Simone Rethel, 62, steht erstmals wieder im Kölner Theater am Dom auf der Bühne: Ein Jahr nach dem Tod ihres Mannes Johannes Heesters, der Weihnachten 2011 im Alter von 108 Jahren im Klinikum Starnberg gestorben ist, spielt sie in der Komödie "Der Kurschattenmann" eine lebenslustige Dame, die den Verführungskünsten eines Sanatoriums-Casanovas widersteht. Die SZ sprach mit der gebürtigen Herrschingerin Rethel, die in den vergangenen Jahren mehrere Fotobände und Bücher übers Altwerden veröffentlicht und ihre Gemälde in Ausstellungen präsentiert hat, über ihre neue Rolle und ihre Pläne.

SZ: Wo sind Sie gerade in Köln, Frau Rethel?

Simone Rethel: In einer Wohnung, einem Appartement, das vom Theater gemietet ist.

Das erspart Ihnen das Hoteldasein?

Genau. Ich bin seit fast zwei Monaten in Köln, und wenn man so lange weg ist und Theater spielt, ist es am angenehmsten, man hat eine Wohnung. Das ist der Beruf, ich bin das gewöhnt, seitdem ich 16 bin.

Sie sind in der neuen Komödie von René Heinersdorff zu sehen. Und wenn es nach einige Kritikern geht, spielen Sie sehr lasziv, paffen eine Zigarre, räkeln sich im roten Kleid - ein gelungenes Comeback, heißt es.

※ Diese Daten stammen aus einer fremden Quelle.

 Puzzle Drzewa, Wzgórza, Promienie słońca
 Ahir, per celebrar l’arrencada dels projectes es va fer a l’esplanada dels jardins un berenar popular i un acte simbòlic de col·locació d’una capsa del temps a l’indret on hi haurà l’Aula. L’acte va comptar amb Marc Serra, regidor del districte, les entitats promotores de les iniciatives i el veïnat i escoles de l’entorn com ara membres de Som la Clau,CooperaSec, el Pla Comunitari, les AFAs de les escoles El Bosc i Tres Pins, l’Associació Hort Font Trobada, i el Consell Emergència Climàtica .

Es ist schon mal eine schöne Sache, dass René Heinersdorff mir überhaupt diese Chance gegeben hat. Er hat schon bei der Trauerfeier für meinen Mann gesagt: Du musst wieder arbeiten. Aber es gibt ja viele Menschen, die etwas versprechen und es dann nicht halten. Dass er das durchgezogen hat, find' ich schon beachtlich. Und so bin ich in ein wunderbares Ensemble gekommen, wir kennen uns alle von früher. . .

Ingrid Steger, Beatrice Richter, Christine Schild, Volker Brandt. . .

Genau, die Bea kenn' ich schon, seit ich die "Fromme Helene" gemacht habe, und Christine Schild war eine sehr enge Freundin, auch von einem Mann. Wir sind also eine gute Truppe und mögen uns auch. Und das ist halt auch immer sehr wichtig, wenn man in einer schwierigeren Zeit gut aufgefangen wird.

Sie waren zudem in einer Folge der "Rosenheim Cops" zu sehen, "Badeschaum für einen Toten".

Da ist viel Wirbel drum gemacht worden, die Rolle war gar nicht so groß. Also da ist das hier in Köln vom Schauspielerischen her schon interessanter.

Besetzen Sie in Zukunft das Fach des Vamps?

Nein, das sicher nicht. Ich glaub' schon, dass ich immer in meinem Fach bleibe, mir ist es auch wichtig, weiter Komödien zu spielen, das hat mir immer Spaß gemacht. Das ist ja auch ein sehr schwieriges Fach, man sollte es nicht meinen, aber es ist immer schwieriger, die Menschen zum Lachen zu bringen als zum Weinen.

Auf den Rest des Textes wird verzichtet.